APPARATUS FOR DETECTING A FAILURE OF A GLADHAND COUPLER

Abstract

An apparatus for detecting a failure of a gladhand coupler connecting a towing component and a trailer component of a commercial or railroad vehicle. The towing component is configured with a triggerable mechanism adapted to change, through the gladhand coupler, a pressure for braking the trailer component.
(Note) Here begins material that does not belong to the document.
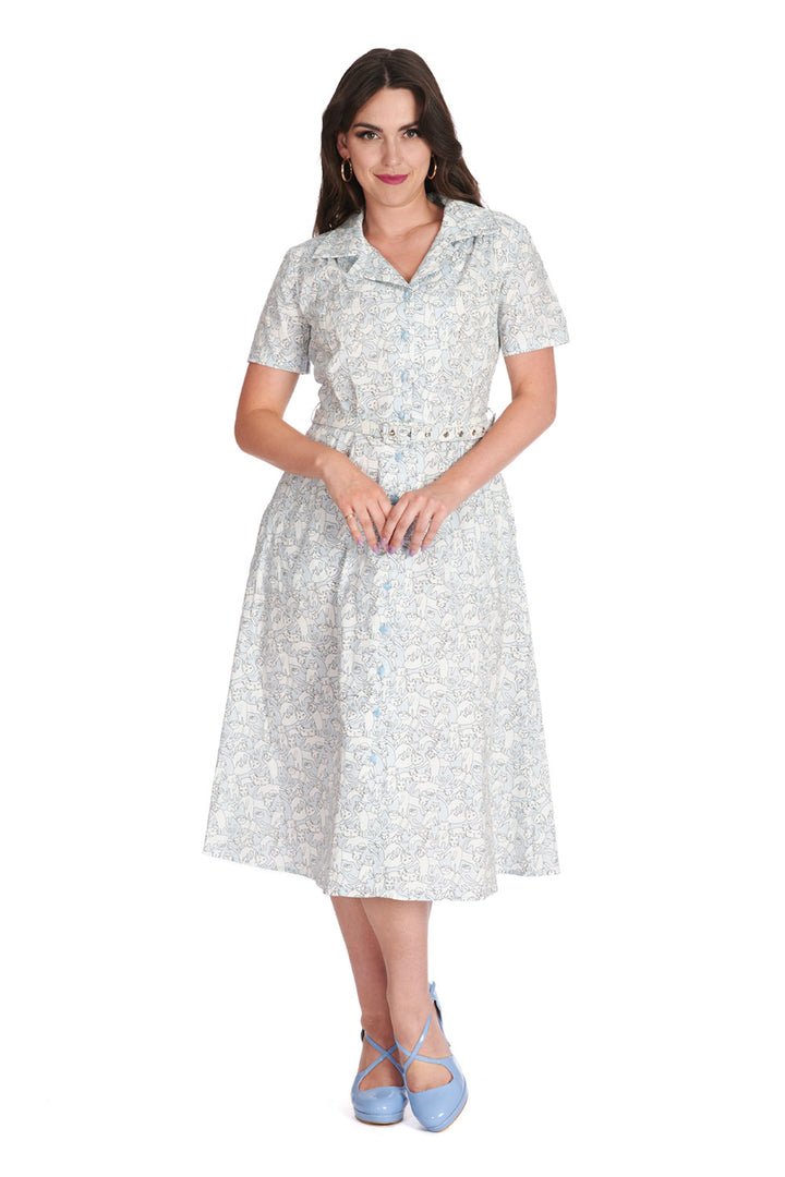 BUTTON THROUGH COLLAR DRESS WITH SHORT SLEEVE AND BELT

The apparatus includes a triggering module, configured to trigger the mechanism, and a detection module, configured to detect a reaction of the commercial or railroad vehicle after the triggering module has triggered the mechanism, to attribute the reaction to a failure of the gladhand coupler, and to issue a warning signal about the failure of the gladhand coupler.

Claims

1-9. (canceled)

10. An apparatus for detecting a failure of a gladhand coupler, which connects a towing component and a trailer component of a commercial or railroad vehicle, comprising: a triggering module to trigger a triggerable mechanism, wherein the towing component is configured with the triggerable mechanism adapted to change, through the gladhand coupler, a pressure for braking the trailer component; and a detection module to detect a reaction of the commercial or railroad vehicle after the triggering module has triggered the mechanism, to attribute a reaction to a failure of the gladhand coupler, and to issue a warning signal about the failure of the gladhand coupler.

11. The apparatus of claim 10, wherein the towing component is configured to generate an information about a driving status of the commercial or railroad vehicle, and wherein the triggering module is configured to receive the information about the driving status, and to trigger the mechanism based on the information about the driving status.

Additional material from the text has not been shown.